Data excerpt Block Start
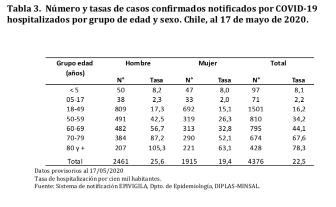 Al 17 de mayo se contabilizaba un total de 4.376 hospitalizados. Los mayores de 80 años representan una tasa de hospitalización de 78,3 por 100 mil habitantes, mientras que los mayores de edad entre 70 y 79 años presentan una tasa de 67,6.
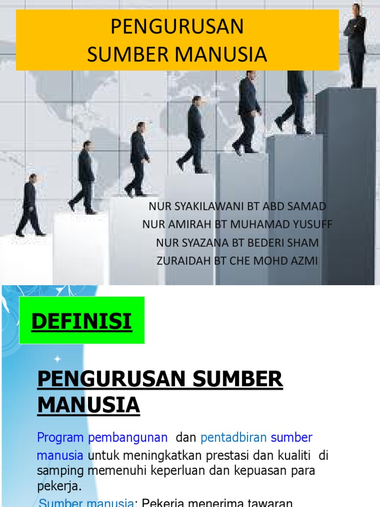 Pengurusan sumbermanusia 1 1 definisi pengurusan sumber pengursan sumber manusia ialah satu usaha pembangunan tenaga kerja dalam organisasi untuk menarik membangun dan mengekalkan tenaga pekerja yang berprestasi tinggi. O aktiviti perancangan sumber manusia o pengrekrutan o penilaian prestasi dan o kebajikan pekerja. O mempunyai keperluan sumber manusia yang mencukupi o membangunkan sumber manusia yang. Aplikasi peranan pengurusan sumber manusia.
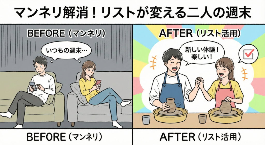「カップル やりたいことリスト 作り方」をマスターしてリストを運用することで、「次はこれをしよう」という共通の目的が常に存在することになります。これにより、週末の予定が「とりあえずいつもの場所」になるのを防ぎ、新鮮な刺激を二人で共有できるようになります。
Data excerpt Block End
Could you repeat the data exactly, omitting its pictures?

_Exercise output_:
 Al 17 de mayo se contabilizaba un total de 4.376 hospitalizados. Los mayores de 80 años representan una tasa de hospitalización de 78,3 por 100 mil habitantes, mientras que los mayores de edad entre 70 y 79 años presentan una tasa de 67,6.
 Pengurusan sumbermanusia 1 1 definisi pengurusan sumber pengursan sumber manusia ialah satu usaha pembangunan tenaga kerja dalam organisasi untuk menarik membangun dan mengekalkan tenaga pekerja yang berprestasi tinggi. O aktiviti perancangan sumber manusia o pengrekrutan o penilaian prestasi dan o kebajikan pekerja. O mempunyai keperluan sumber manusia yang mencukupi o membangunkan sumber manusia yang. Aplikasi peranan pengurusan sumber manusia.
「カップル やりたいことリスト 作り方」をマスターしてリストを運用することで、「次はこれをしよう」という共通の目的が常に存在することになります。これにより、週末の予定が「とりあえずいつもの場所」になるのを防ぎ、新鮮な刺激を二人で共有できるようになります。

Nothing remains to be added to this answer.